● PROBLEM:
Take the entries below and print, exactly, the stretch from the line containing "Modern minimalistisk bröllopsinbjudan" through the line containing "- HTTP is on", both included.

● DATA TO USE:
--- START ---
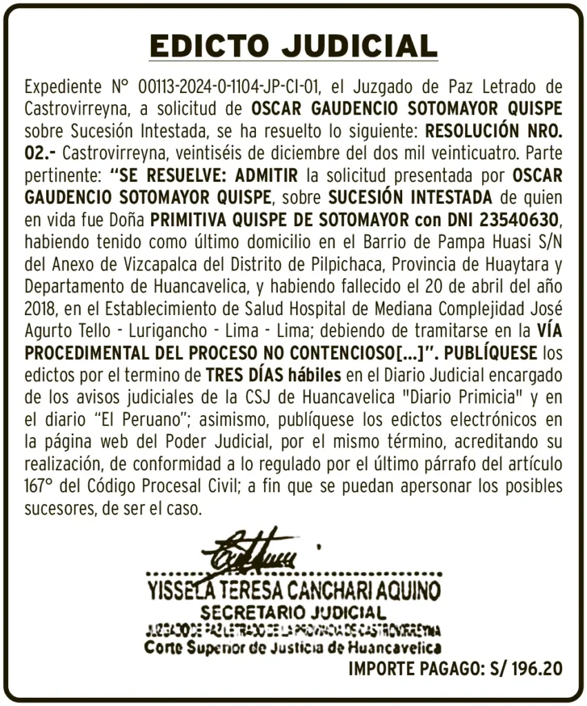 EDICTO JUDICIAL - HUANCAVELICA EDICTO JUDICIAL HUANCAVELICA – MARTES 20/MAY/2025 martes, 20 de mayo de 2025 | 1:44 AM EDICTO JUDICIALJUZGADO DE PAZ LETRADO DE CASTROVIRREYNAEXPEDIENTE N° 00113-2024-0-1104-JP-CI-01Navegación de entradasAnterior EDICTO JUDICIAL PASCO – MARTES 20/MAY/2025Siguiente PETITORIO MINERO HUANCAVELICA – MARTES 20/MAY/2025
--- END ---
--- START ---
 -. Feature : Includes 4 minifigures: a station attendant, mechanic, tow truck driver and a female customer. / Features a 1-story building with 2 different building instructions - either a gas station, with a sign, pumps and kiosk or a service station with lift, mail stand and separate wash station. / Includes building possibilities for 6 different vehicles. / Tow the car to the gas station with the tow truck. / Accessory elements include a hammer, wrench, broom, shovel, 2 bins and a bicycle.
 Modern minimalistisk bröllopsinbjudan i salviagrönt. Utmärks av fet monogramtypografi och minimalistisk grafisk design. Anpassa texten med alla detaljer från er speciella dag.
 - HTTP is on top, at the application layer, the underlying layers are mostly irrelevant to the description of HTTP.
--- END ---
--- START ---
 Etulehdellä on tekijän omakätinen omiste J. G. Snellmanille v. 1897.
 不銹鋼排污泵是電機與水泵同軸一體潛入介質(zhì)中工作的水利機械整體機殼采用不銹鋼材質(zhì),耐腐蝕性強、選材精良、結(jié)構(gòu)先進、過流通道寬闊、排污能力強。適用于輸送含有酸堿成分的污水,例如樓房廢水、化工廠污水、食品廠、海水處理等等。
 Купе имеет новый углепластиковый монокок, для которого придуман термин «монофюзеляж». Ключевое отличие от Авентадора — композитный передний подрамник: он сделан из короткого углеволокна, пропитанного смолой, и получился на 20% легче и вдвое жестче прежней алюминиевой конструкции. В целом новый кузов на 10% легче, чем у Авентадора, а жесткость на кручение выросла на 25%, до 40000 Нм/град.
--- END ---
● FINISHED TASK:
 Modern minimalistisk bröllopsinbjudan i salviagrönt. Utmärks av fet monogramtypografi och minimalistisk grafisk design. Anpassa texten med alla detaljer från er speciella dag.
 - HTTP is on top, at the application layer, the underlying layers are mostly irrelevant to the description of HTTP.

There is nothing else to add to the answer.